Chhork, Kevin, Srey Ka, Chanti and Poppy

Both LICADHO and SISHA know that the only legal way that Citipointe can retain custody of Rosa and Chita, given that their parents have consistently asked for their return this past five years, is if there is evidence that they are at risk in some way in being returned to their home. When Citipointe induced Chanti to sign the sham 31st July 2008 document (and there is no question but that it is a sham) there was never any suggestion that the girls were at risk. There has never, over the past five years, been any suggestion that Rosa and Chita would be at risk if they were returned to their family. Why then are the girls still in the care of Citipointe? Why do both LICADHO and SISHA remain silent?

If LICADHO and/or SISHA believe that there is some risk to Rosa and Chita if they return to their family, both organizations should, at the very least, inform Chanti and Chhork what this risk amounts to.

James, Kevin and Srey Ka

It may well be (indeed it seems to be the case) that both SISHA and LICADHO are powerless to do anything at all to secure the release of Rosa and Chita but surely, as with Somaly Mam, an investigation should occur (some questions asked) and the results be made publicly known? If SISHA and LICADHO are not prepared to put even moral pressure on Citipointe to explain the church’s actions in 2008 and its refusal to release the girls in 2013, to whom can Chanti and Chhork turn to at least get vocal support of their rights as parents to bring up their own children?   

It may be, in a country as corrupt as Cambodia, in which the rule of law is only available to those who can afford to pay the judiciary to obtain the legal result they want, that SISHA and LICADHO are essentially powerless to intervene in the case of Meas Ratha or Yem Chanti. However, surely you can, either individually or collectively, express your concern to the Minister of Social Services (and do so in a very public manner) that no reason has been provided by either MOSAVY or Citipointe church as to why Rosa and Chita cannot be returned to their family.

As matters stand, both SISHA and LICADHO have had ample opportunity to express, in public, your NGOs’ concerns about Citipointe church’s refusal to return Rosa and Chita to their parents. You have not taken advantage of it. As has been the case with Somaly Mam’s lies this last decade, you have chosen silence rather than demanding public accountability of NGOs such as Somaly Mam’s Foundation and of Citipointe church. There is, as a result, virtually no disincentive to the Somaly Mams and Leigh Ramseys in the NGO community to lie in order to raise money.
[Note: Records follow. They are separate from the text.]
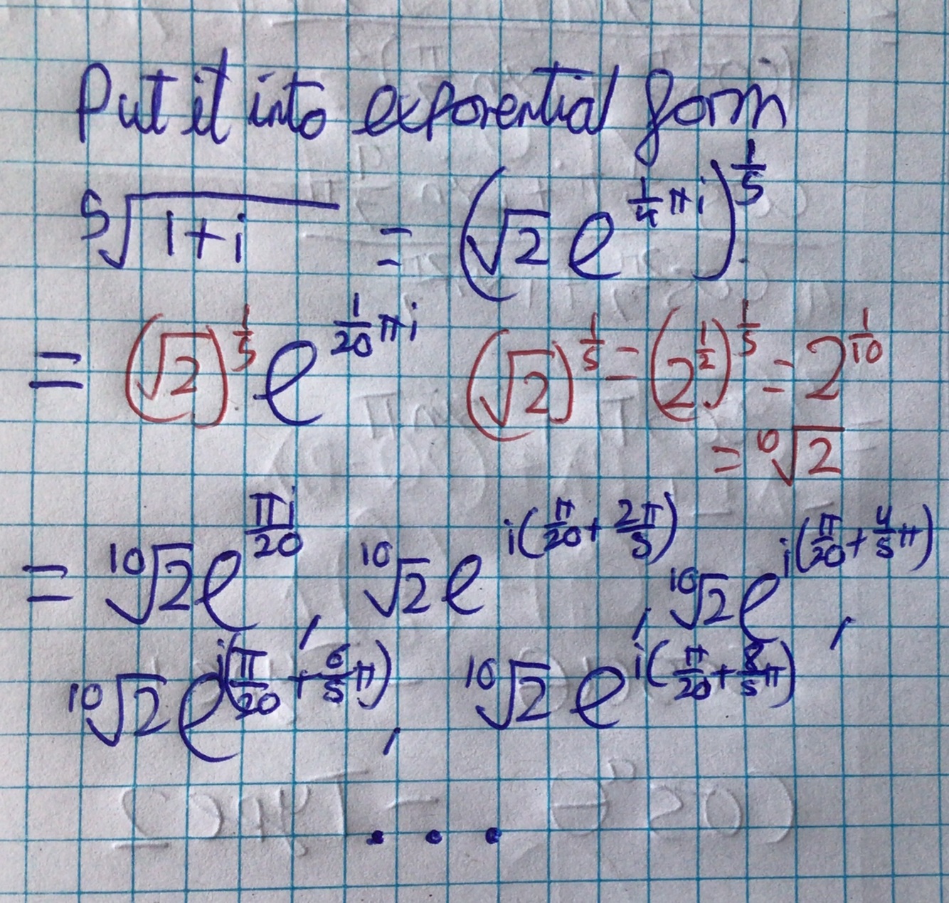 The first answer will be 1 then they will be spaced out 2π/5 around the argand diagram
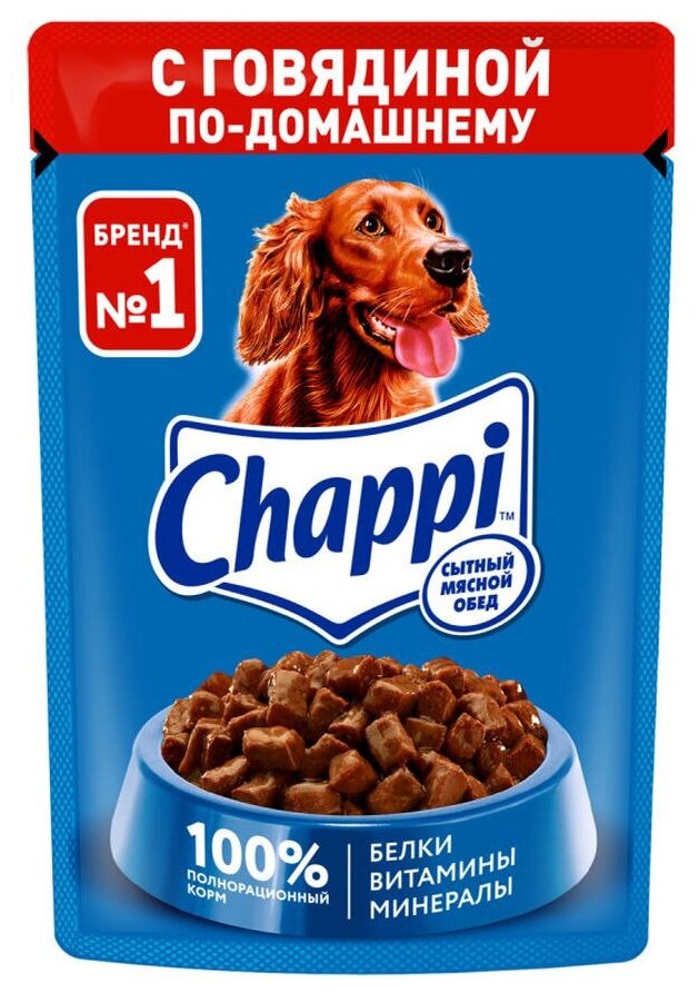 CHAPPI для взрослых собак сытный мясной обед с говядиной по-домашнему пауч (85 гр х 28 шт)
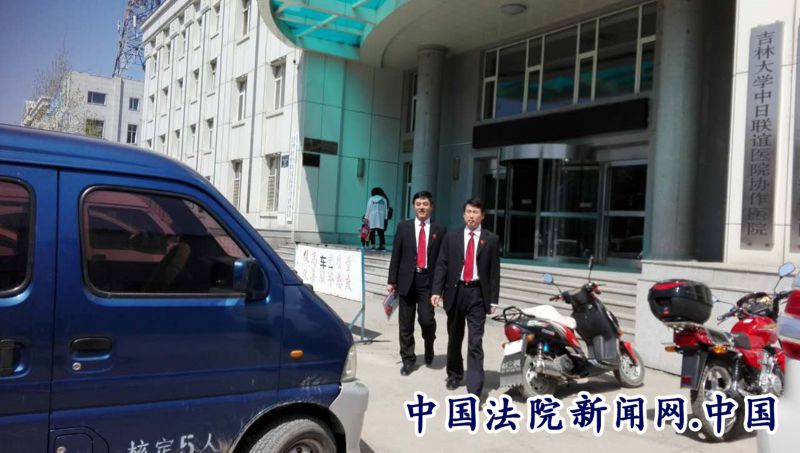 长白朝鲜族自治县人民法院干警走出医院大门继续下一个执行任务场景。
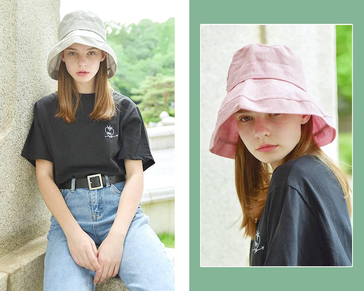 我还问了她,“感觉渔夫帽宽檐和窄檐有什么区别”?她回答得很直接,“宽檐渔夫帽遮阳最好,窄檐渔夫帽更有型~”
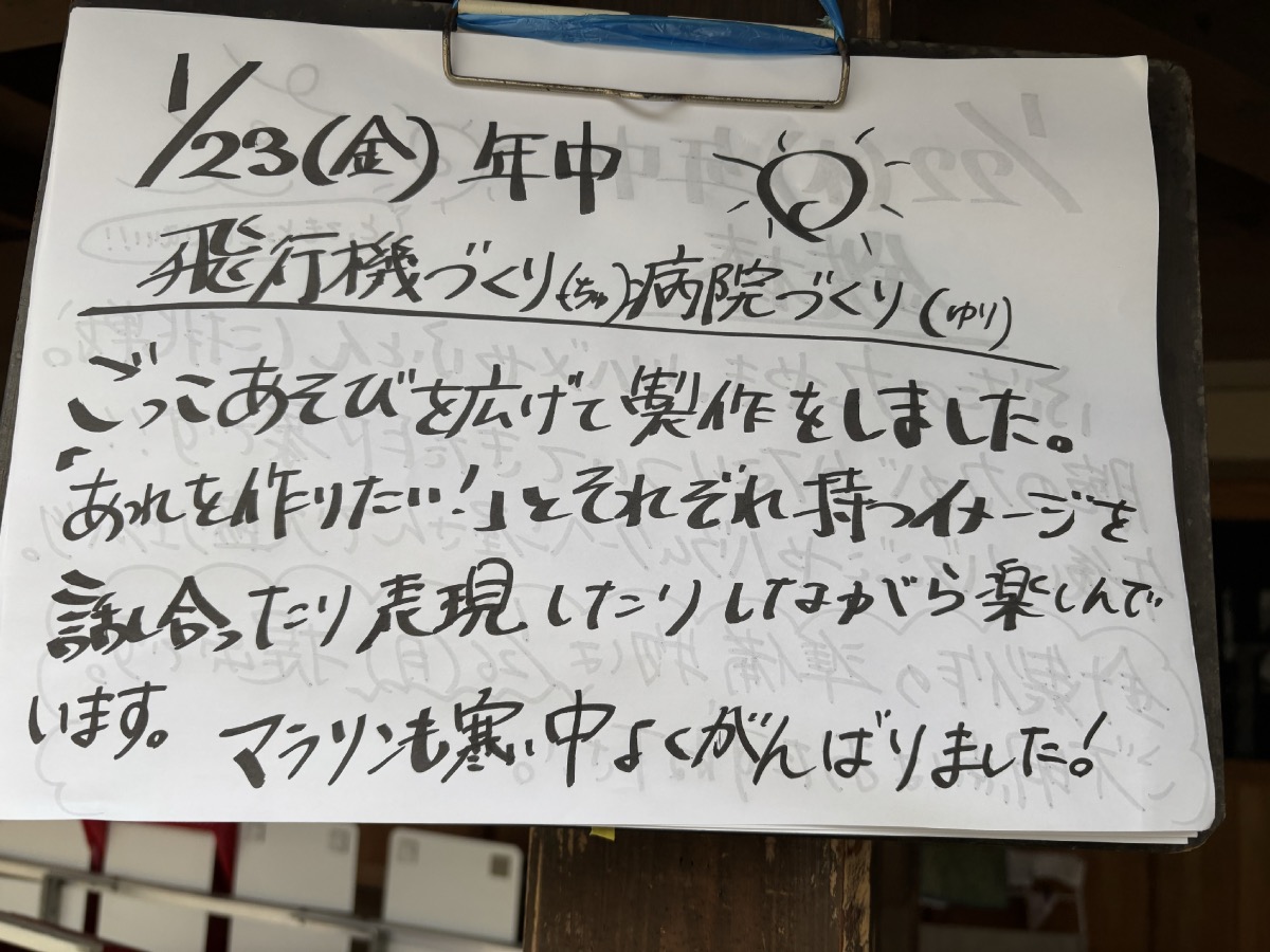 はしったり、つくったり、はなしあったり 01/23/2026 最終更新日時 : 01/23/2026 ozasa-admin [Show slideshow] 1 2 ► 朝からマラソン。年少少さんは、園庭を走ります。年少さんは、リズム体操。年中さんは、制作。年長さんは、卒園式ので話す”おもいで”について、年長さん合同で話し合い。どんな風にやったらよいか、園児達が一人一人考え、意見を出し合っていました。卒園に向けて成長為ている子ども達です。年長さんは、今日から親子作品展示が始まりました。 \ 最新情報をチェック / FacebookXBlueskyHatenaLINECopy

Such lies, of course, reflect badly on the entire NGO community when they are uncovered.



Please accept this letter as an invitation to both LICADHO and SISHA be interviewed for my film, CHANTI’S WORLD. I wish to give you all the opportunity to address questions relating to Cambodian ‘orphanages’ and other such  ‘rescue’ centers if you so wish.

As for Somaly Mam, I wonder if her exposure by the Cambodia Daily as a fraud will have any consequences? Will she, next month, be back in Time magazine with full page (and heavily photoshopped) photos of herself as she raises money for an NGO that has achieved both fame and fortune based on her lies?

How many lies will Somaly Mam be allowed to tell before SISHA, LICADHO and the NGO community lets her and her Foundation know that it is not appropriate, to say the least, to coach 14 year old girls to lie, in order to raise money for a charity?

Chita, Chanti and Rosa


More importantly for the NGO community in Cambodia, how many other NGOs are telling lies in order to raise money? And how will donors and sponsors react when the discover not only that they have been lied to but that those in a position to expose such lies (SISHA and LICADHO being two such NGOs) have maintained a diplomatic silence about abuses they know to be occurring?